------ Data ------

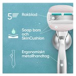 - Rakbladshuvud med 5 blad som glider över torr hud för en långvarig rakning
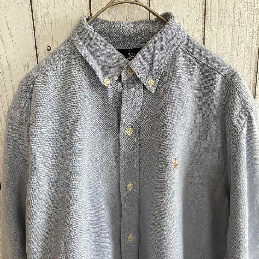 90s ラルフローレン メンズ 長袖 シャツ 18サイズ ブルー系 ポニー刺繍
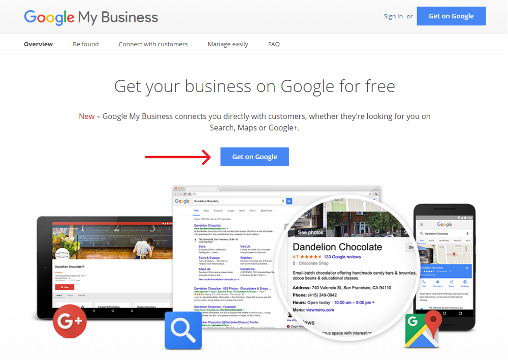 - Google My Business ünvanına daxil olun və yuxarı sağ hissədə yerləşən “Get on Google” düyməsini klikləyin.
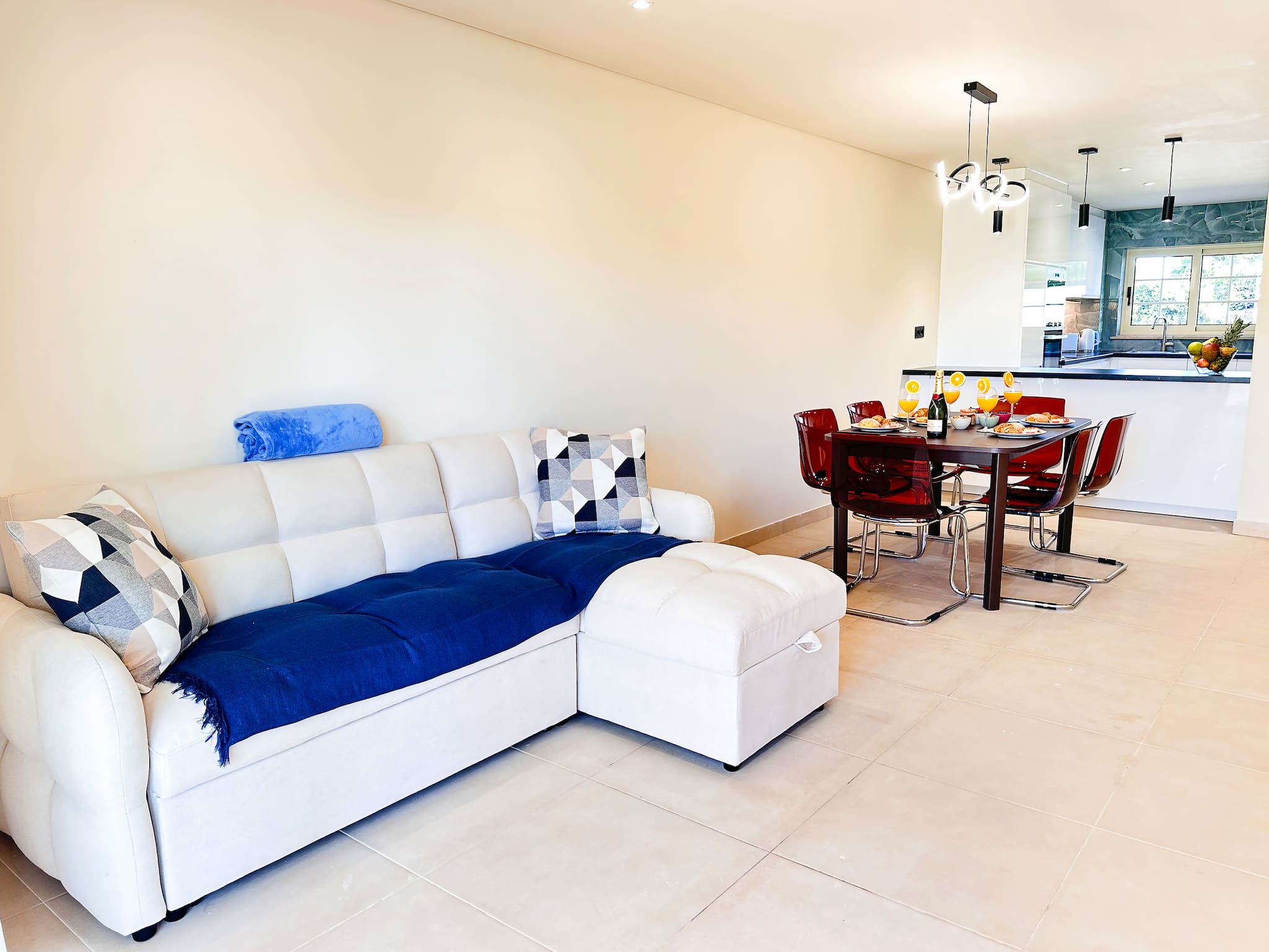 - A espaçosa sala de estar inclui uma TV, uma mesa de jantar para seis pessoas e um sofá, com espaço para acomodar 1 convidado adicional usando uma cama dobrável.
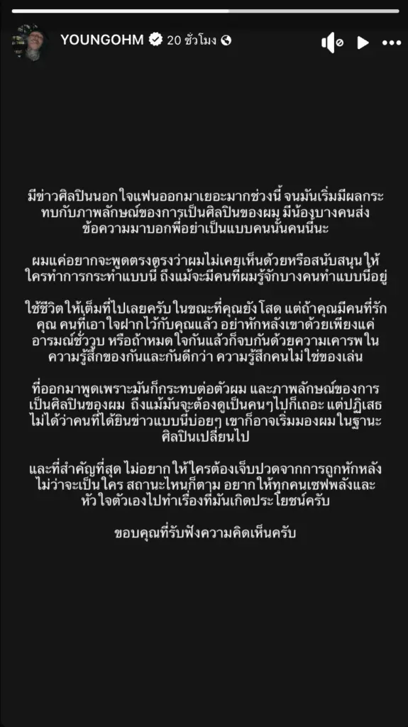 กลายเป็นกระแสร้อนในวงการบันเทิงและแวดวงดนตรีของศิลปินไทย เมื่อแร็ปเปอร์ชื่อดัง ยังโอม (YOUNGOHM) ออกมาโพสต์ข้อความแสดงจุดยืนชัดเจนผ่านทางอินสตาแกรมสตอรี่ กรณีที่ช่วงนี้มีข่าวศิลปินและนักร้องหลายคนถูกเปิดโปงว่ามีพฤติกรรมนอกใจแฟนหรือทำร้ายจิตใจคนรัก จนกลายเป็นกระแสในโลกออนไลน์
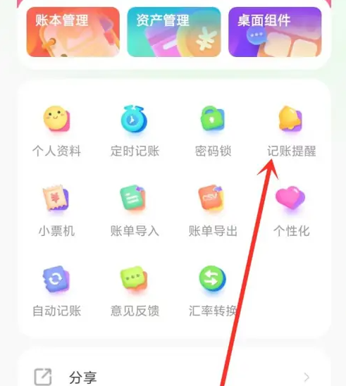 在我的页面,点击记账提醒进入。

------

(What needs to be done) Please set down the lines from the one with "- A espaçosa" to the end of the entries above, exactly as they are, and drop every picture.

(Result of this exercise)
 - A espaçosa sala de estar inclui uma TV, uma mesa de jantar para seis pessoas e um sofá, com espaço para acomodar 1 convidado adicional usando uma cama dobrável.
 กลายเป็นกระแสร้อนในวงการบันเทิงและแวดวงดนตรีของศิลปินไทย เมื่อแร็ปเปอร์ชื่อดัง ยังโอม (YOUNGOHM) ออกมาโพสต์ข้อความแสดงจุดยืนชัดเจนผ่านทางอินสตาแกรมสตอรี่ กรณีที่ช่วงนี้มีข่าวศิลปินและนักร้องหลายคนถูกเปิดโปงว่ามีพฤติกรรมนอกใจแฟนหรือทำร้ายจิตใจคนรัก จนกลายเป็นกระแสในโลกออนไลน์
 在我的页面,点击记账提醒进入。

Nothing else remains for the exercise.